##### COLLECTED DATA
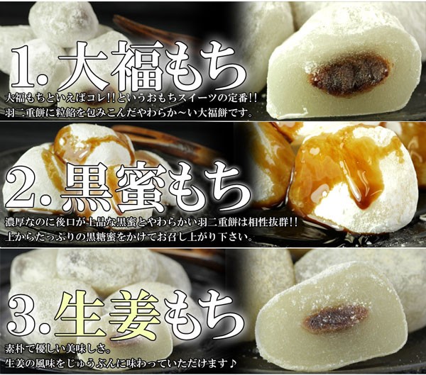 ※黒蜜もちには、「黒蜜」がついていますのでかけてお召し上がり下さい。
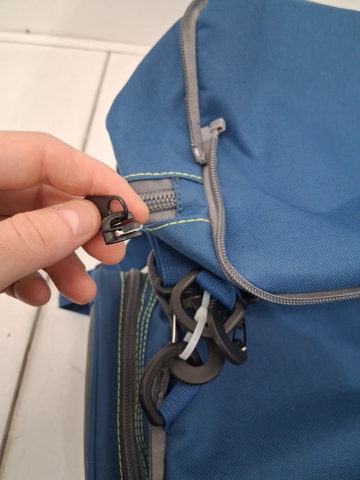 Zipper handle for attaching bottom piece has come off (note: in front pocket)
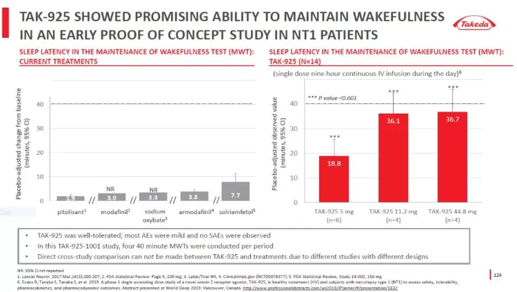 NT1是一种改变睡眠-觉醒周期的慢性神经系统疾病。EDS是NT1的标志性症状,表现为患者不能全天保持清醒和警觉,在不适当的时间入睡。TAK-994旨在选择性靶向食欲肽2受体,目前正在2期临床试验中接受评估。
##########
# TASK TO COMPLETE
Reproduce the data verbatim. Do not carry any picture into the copy.

# RESPONSE TO THE TASK
 ※黒蜜もちには、「黒蜜」がついていますのでかけてお召し上がり下さい。
 Zipper handle for attaching bottom piece has come off (note: in front pocket)
 NT1是一种改变睡眠-觉醒周期的慢性神经系统疾病。EDS是NT1的标志性症状,表现为患者不能全天保持清醒和警觉,在不适当的时间入睡。TAK-994旨在选择性靶向食欲肽2受体,目前正在2期临床试验中接受评估。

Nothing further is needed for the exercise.